Maximum number of iterations equals the largest allowed numbers of waveforms fitted to the analyzed epoch. This command together with the next energyPercent control the number of waveforms used for the approximation of the analyzed epoch, which equals the number of algorithms iteration performed before the stopping criterion is fulfilled. The iterations stop either after reaching this number, or after explaining the percentage of signal's energy set in the energyPercent parameter, whatever comes first. That is, if we want to force the decomposition to contain exactly maximalNumberOfIterations iterations, we should set energyPercent to 100. It does not influence the accuracy of the parameters of the waveforms fitted to the signal, in the sense that the 5 waveforms fitted to the signal in 5 iterations run will be just as good as the first 5 fitted in the 100 iterations run.

Time of computations is proportional to the number of algoritms iterations (except for the first, longer iteration), and obviously with more iterations we explain larger fraction of signal's energy; OTOH, too many iterations usually make no sense. Unfortunately, the meaning of "too many" depends on the properties of the signal and the aim of decomposition. For further considerations consult e.g. (Durka2007a) and (Durka2007b).

Type: positive integer
range: <1 65535>

energyPercent

Algorithm stops after explaining energyPercent % of the energy of the analyzed epoch, that is, when the sum of energies of functions fitted to the signals reaches energyPercent/100 of the signal's energy, unless maximalNumberOfIterations was reached first.

Type: positive float
range: (0 100.0)

MP

There are significant differences between the 'classical' MP computed for the univariate time series, and the variety of possible versions of the multichannel MP. Choice of the appropriate flavor of multivariate algorithm is controlled by the MP variable, which can be assigned one of the following values. For equations and formulae see (Durka 2007a) and (Kuś2013)

scaleToPeriodFactor

All Gabor functions, for which the number of periods of the sine, given by this parameter, exceeds the half-width of the Gaussian, will be removed from the dictionary. It regulates removal of non-physical cases. For example, 1 Hz oscillation which lasts 100 milliseconds mathematically represents a well defined waveform. However, the very notion of frequency is dubious in such case. Also, the actul peak-to-peak amplitude of such function may significantly differ from the doubled amplitude of the Gaussian envelope. See (Durka2004)

Type: positive float
range: (0.0 3.402823466 E + 38>

samplingFrequency

Floating-point positive number.

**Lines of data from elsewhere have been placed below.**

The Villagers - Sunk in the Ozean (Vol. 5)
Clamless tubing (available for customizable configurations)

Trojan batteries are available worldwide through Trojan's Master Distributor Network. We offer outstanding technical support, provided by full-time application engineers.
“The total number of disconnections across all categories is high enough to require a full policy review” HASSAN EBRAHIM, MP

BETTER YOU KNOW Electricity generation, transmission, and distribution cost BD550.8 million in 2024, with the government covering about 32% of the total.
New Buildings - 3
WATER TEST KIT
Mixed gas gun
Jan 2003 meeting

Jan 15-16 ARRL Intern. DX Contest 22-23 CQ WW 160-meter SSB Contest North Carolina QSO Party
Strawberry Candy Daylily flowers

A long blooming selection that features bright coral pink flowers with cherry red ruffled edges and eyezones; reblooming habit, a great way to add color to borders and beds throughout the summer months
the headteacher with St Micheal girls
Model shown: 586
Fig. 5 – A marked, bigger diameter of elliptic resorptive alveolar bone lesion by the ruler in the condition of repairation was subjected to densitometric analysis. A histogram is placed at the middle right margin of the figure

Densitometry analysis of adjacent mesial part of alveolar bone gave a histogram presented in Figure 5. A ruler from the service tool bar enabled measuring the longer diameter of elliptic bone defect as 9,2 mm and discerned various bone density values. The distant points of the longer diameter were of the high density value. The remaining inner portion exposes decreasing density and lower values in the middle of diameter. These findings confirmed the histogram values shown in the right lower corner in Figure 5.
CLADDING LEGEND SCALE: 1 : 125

Decimal dot is obligatory, that is "128.0" and not "128". This parameter has no influence on the decomposition -- value is copied into the decomposition book file and can be later used for scaling the display of results.

pointsPerMicrovolt

Conversion rate from the actual values stored in the datafile to physical units, for EEG microvolts [µV], for MEG femtotesla [fT]. This parameter has no influence on the decomposition -- value is copied into the decomposition book file and can be later used for scaling the display of results.

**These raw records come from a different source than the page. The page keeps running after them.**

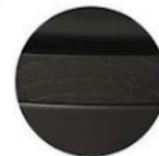
Black oak bowl
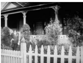
The Magic Town, 1947
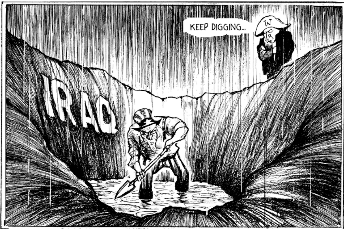
The Plan for Victory

A cartoon published in the USA in November 2005. The man in the hole is Uncle Sam, who represents the USA. The man shouting instructions is President George W. Bush.
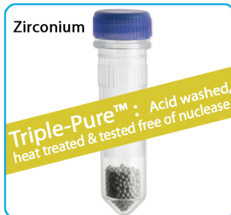
Triple-Pure™ (Molecular Biology Grade) Zirconium Beads
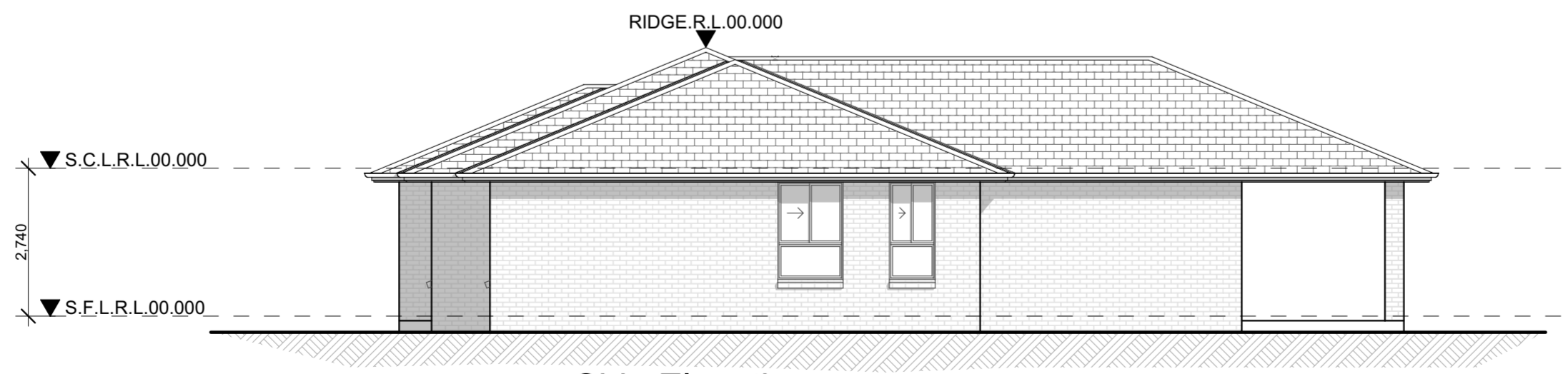
○ Side Elevation Elevation 2 scale 1:100
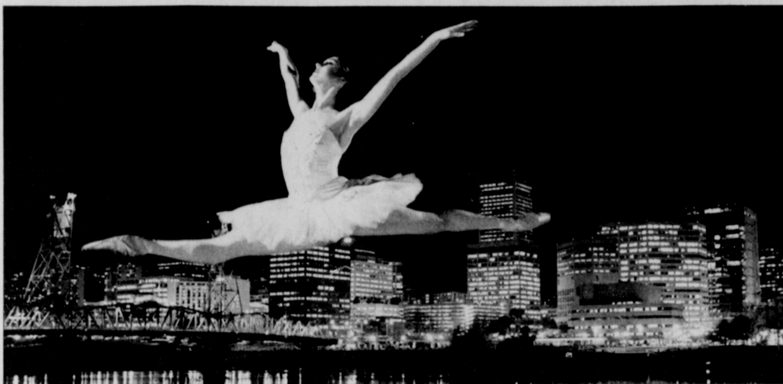
The Oregon Ballet Theatre presents holiday performances of 'The Nutcracker.'
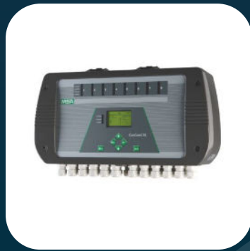
GasGard® XL Controller

Monitor up to eight remote gas sensors with the highly accurate wall-mounted GasGard XL Controller. The controller's large, multi-language LCD display provides real-time readings, offers full-system diagnosis and shows intuitive icons.
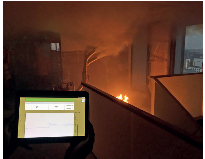
Fig. 5. Dynamic measurements of pressure differential system, combined with a hot smoke commissioning test in a high-rise building – a site acceptance testing method developed in Fire Testing Laboratory

against large-scale fire, which is a vital part of product development. As mentioned in chapter 4, in a highly rigid legislative framework, evolution of solutions and materials to meet higher rankings and requirements is the most basic form of progress in the construction industry. New advancements in materials, products and techniques heavily influence how buildings are designed and built. Besides the basic function as the evaluator, fire testing laboratories take part in market surveillance. In this process, products (e.g. fire doors, insulation materials) are purchased on the market, and then their characteristics are estimated. This process ensures that the products available on the market are the same, as they were tested during their approval and certification phase. A similar process is sometimes observed in the construction of critical infrastructure. Randomly chosen samples of products may be tested in a fire testing laboratory, before the whole batch of products is installed in the building.
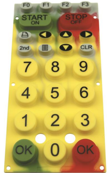
Silicone keypad with silk screen print
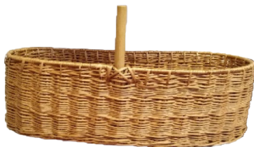
Seed Lip 1965-1966 (66/267)

A seed lip would have been hung from the sowers left and he would have cast with his right hand. On the way back across the field, he would have swapped over. This willow and cane seed lip was made for the museum in 1965-1966.
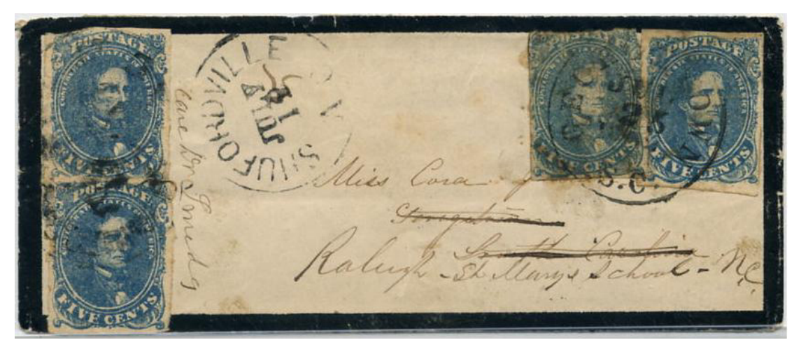
15 July 1862: Shufordville, North Carolina to Georgetown, South Carolina 25 July 1862: Forwarded to Raleigh, North Carolina

An additional rate required to forward a letter to another post office if the intended recipient had moved or relocated. This service was not free.
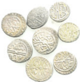
931 As you can see
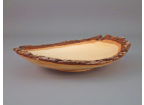
Jim Terry - Natural Edge Bradford Pear Bowl
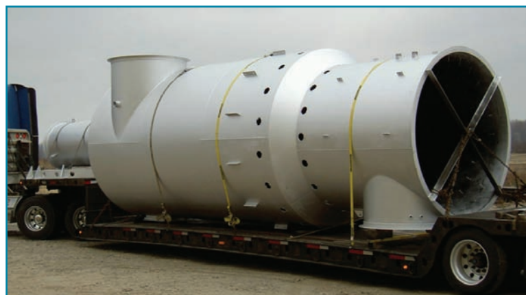
A low NO x Oxidizer is transported by truck to the Howard City, Mich. Waste-to-Energy site being built by Heat Transfer International.

www.percival-scientific.com info@percival-scientific.com
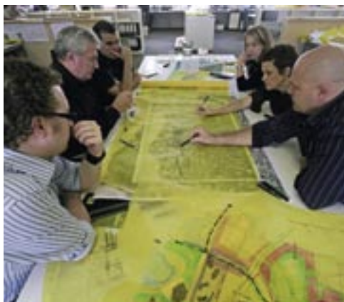
Coolangatta ideas workshop.

South-east Queensland can become an exemplar of sustainable sub-tropical design if key recommendations from a report by Architectus are implemented.
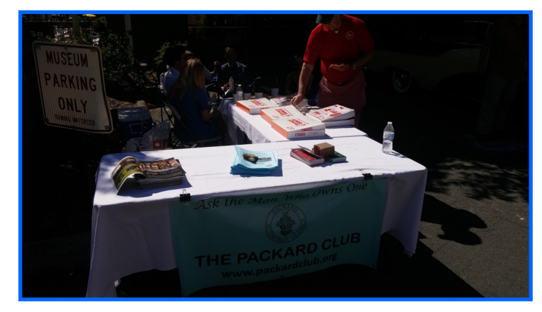
Our display table with donuts, water and later pizza
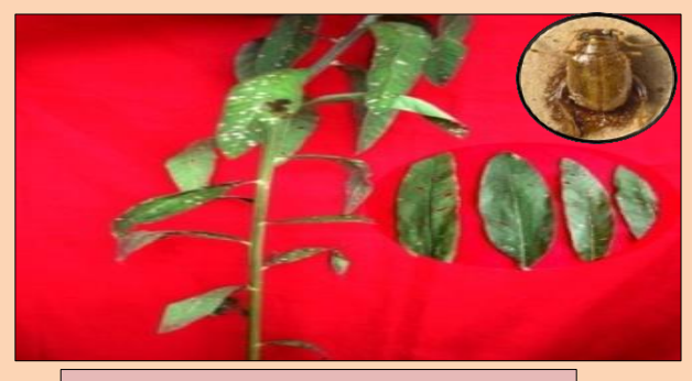
Flea beetle infested crop
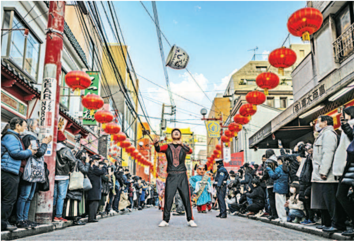
A man performs during a Lunar New Year parade, held for the first time following a three-year hiatus due to the coronavirus pandemic, in the Chinatown area of Yokohama, Japan, yesterday.

REUTERS, Washington The Biden administration is in talks with Indian officials over a possible White House visit by Prime Minister Narendra Modi later this year, according to a US official aware of the discussions and another person briefed on the matter. US President Joe Biden is eager to deepen ties with the world’s largest democracy as part of his bid to win what he has framed as a contest between free and autocratic societies, especially China. Dates are not finalized, the sources said. Discussions about a possible White House visit intensified this week as Indian National Security Adviser Ajit Doval met with his US counterpart, Jake Sullivan, and Secretary of State Antony Blinken in Washington. During the visit, the United States and India launched a partnership to deepen ties on military equipment, semiconductors and artificial intelligence. Washington has been pushing New Delhi to do more to punish Russia for the Ukraine invasion.

Decimal dot is obligatory. For example,

pointsPerMicrovolt 20.0

in EEG file says that the stored vaules must be multiplied by 20 to get microvolts.

Type: positive float
range: (0.0 3.402823466 E + 38>

Input parameters — additional settings

normType

The experimental feature of mp5 program, do not change it. The default value is set to L2.

diracInDictionary

Generate dictionary including Dirac Function. The possible argument of command is YES or NO string.

gaussInDictionary

Generate dictionary including Gauss Function. The possible argument of command is YES or NO string.

sinCosInDictionary

Generate dictionary including Harmonic function. The possible argument of command is YES or NO string.

gaborInDictionary

Generate dictionary including Gabor functions. The possible argument of command is YES or NO string.

progressBar

Plot text bar representing the progress of calculation. The possible argument of command is YES or NO string.

 

Example configuration file

# OBLIGATORY PARAMETERS
nameOfDataFile         		test.dat
nameOfOutputDirectory  		./
writingMode            		CREATE
samplingFrequency      		128.0
numberOfChannels       		24
selectedChannels       		1-19
numberOfSamplesInEpoch 		179
selectedEpochs         		1-31
typeOfDictionary       		OCTAVE_FIXED
energyError            		0.3 50.0
randomSeed             		auto
reinitDictionary       		NO_REINIT_AT_ALL
maximalNumberOfIterations 	100
energyPercent             	95.0
MP                        	SMP
scaleToPeriodFactor       	1.0
pointsPerMicrovolt        	1.0

# ADDITIONAL PARAMETERS
normType               		L2
diracInDictionary       	YES
gaussInDictionary       	YES
sinCosInDictionary     	   	YES
gaborInDictionary      	   	YES
progressBar            	   	ON

References

(Mallat1993) Stéphane Mallat and Zhifeng Zhang
Matching pursuit with time-frequency dictionaries. IEEE Transactions on Signal Processing 1993, 41:3397-3415

(Durka2007a) Piotr J. Durka
Matching Pursuit and Unification in EEG analysis, Artech House 2007, ISBN 978-1-58053-304-1

(Durka2007b) Piotr J. Durka
Matching Pursuit, Scholarpedia, p. 20910, 2007.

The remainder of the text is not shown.